Padlock Announces Collaborations For Research on PAD Enzymes in Autoimmune Conditions Such as SLE
Padlock Therapeutics, a firm focused on the development of new treatment alternatives for autoimmune conditions, recently announced a collaboration with three different research institutes specialists in protein-argenine deiminase (PAD) enzymes and their effect on disease pathogenesis, including Systemic Lupus Erythematosus (SLE). Padlock will work directly with the University of Massachusetts Medical School, the National Institutes of Health (NIH), and The Scripps Research Institute (TSRI). The purpose of these collaborations is to study the role of individual PAD enzymes in specific animal disease models. Under the agreement, the collaborations will also assess the activity of PAD inhibitors in enzymatic tests, human cellular system and animal models.
The company is creating a new pathway for the development of first-in-class treatments for autoimmune conditions, based in the inhibition of PAD enzymes and their role as precursors and perpetuating factors of autoimmune conditions.
These partnerships will support Padlock to develop their portfolio and sustain its important accomplishments in the field of chemistry. The funding sources for these studies are currently unknown.

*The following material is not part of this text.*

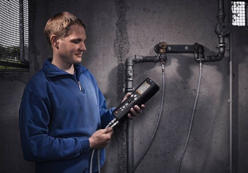 In caso di sospetto di una perdita – in una tubazione del gas o in una di acqua sanitaria o di scarico – si deve agire in fretta. Per il rilevamento affidabile di una perdita e della sua entità, trova applicazione lo strumento professionale per il rilevamento delle perdite di Testo. Il comando è reso davvero facile dal menu di misura passo passo. Ciò è di particolare rilevanza soprattutto in situazioni critiche in cui la velocità è tutto. Con il pannello operativo intuitivo e i risultati della misura affidabili sarete al sicuro e anche in caso di emergenza estrema potrete mantenere la calma necessaria. Questi vantaggi vi offre uno strumento per il rilevamento delle perdite di Testo:
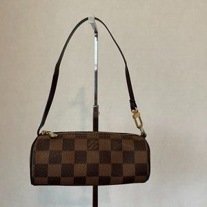 Louis Vuitton Papillon Pouch Mini Hand Bag Damier Ebene Brown (128463)

- Padlock will work with NIH on an investigation intending to explore the role and effect of PAD inhibitors in the formation of neutrophil extracellular trap (NET) and systemic lupus erythematosus animal models. Mariana Kaplan, M.D, will lead this research.
- The company will also collaborate with TSRI to investigate the role and effect of PAD inhibitors in a mouse model of rheumatoid arthritis. Kerri Mowen, Ph.D, will lead this research.

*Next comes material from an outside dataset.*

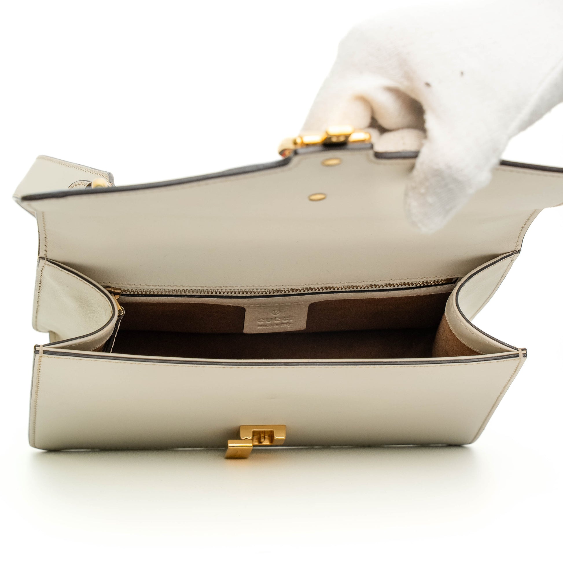 - Hardware: Gold-tone metal

- The collaboration with UMass Medical School will involve the study of the mechanisms underlying the action of PAD inhibitors. Aaron Muth, Ph.D., Padlock’s lab lead researcher, will lead the studies with Paul Thompson, Ph.D, UMass Medical School professor of biochemistry & molecular pharmacology.
“Padlock prides itself on being deeply connected with a broad network of scientists conducting cutting-edge research on the role of PAD enzymes in the biology of autoimmune diseases such as rheumatoid arthritis, systemic lupus erythematosus, and multiple sclerosis,” said Michael Gilman, Ph.D., Founder and Chief Executive Officer at Padlock in a news release. “These collaborators will help us expand our biology effort and advance our understanding of how best to target the PAD enzymes and maximize the potential our inhibitors may have for patients.”